My picture

Shai Ben-David


School of Computer Science
Universitys of Waterloo
200 University Avenue West
Waterloo, Ontario, Canada, N2L 3G1

Email: "MyFirstName"
Phone: +1 519 888 4567 ext. 37523
Fax: +1 519 885-1208

The Use of Unlabeled and Weakly labeled Data in Classification Tasks

While most of the modern theory of classification learning predominantly focuses on learning from labeled data, in practice it is often the case that such data is expensive and hard to come by. In such cases, classification prediction algorithms try to utilize training data that is either unlabeled (a.k.a. semi-supervised learning -- SSL), or labeled unreliably.
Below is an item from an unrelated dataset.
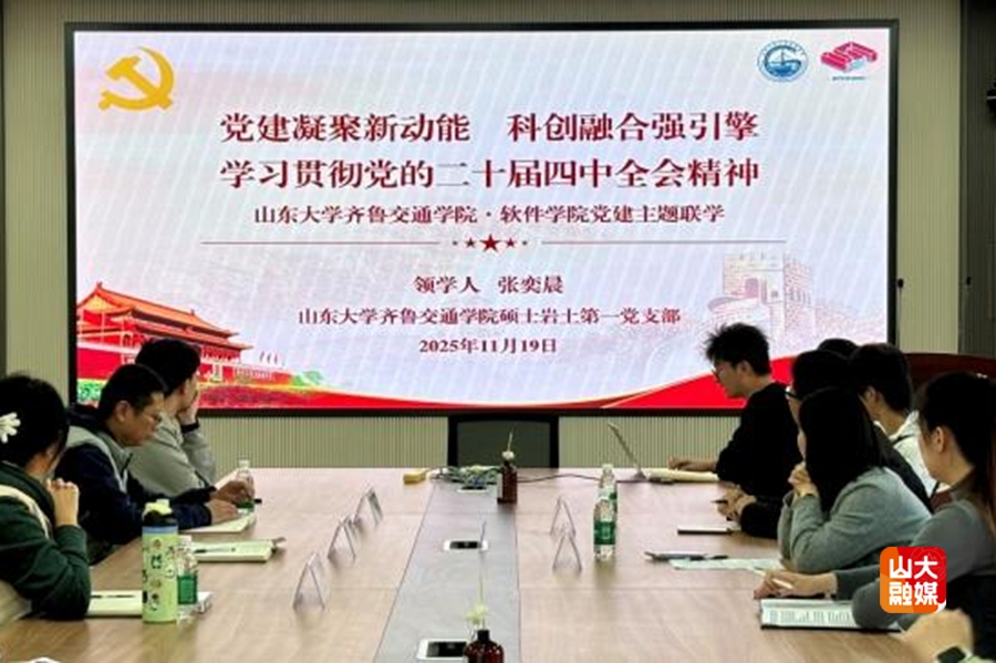 [本站讯]11月19日,齐鲁交通学院硕士岩土第一党支部与软件学院人机交互与虚拟现实研究生党支部在软件园校区联合举办“党建领航,智慧交融:人工智能赋能新时代重大工程”联学共建活动,软件学院党委副书记周广鹏、齐鲁交通学院党委副书记张瑜参加活动。

I have been working on analyzing SSL learning paradigms and the assumptions needed to guarantee their success. Negative results were shown in (COLT2009 with Lu and Pal) and a scenario under which the addition of unlabeled samples is provably beneficial is described in (ICML 2011 with Urner and Shalev-Shwartz).

Another solution to the scarcity of correctly labeled training data is the use of training examples that are labeled by less-than-perfect supervisors. These may include novice advisors or even labels obtained via Internet crowdsourcing (such as Amazon's Mechanical Turk). In (AISTATS 2012) we have initiated theoretical research of such setups.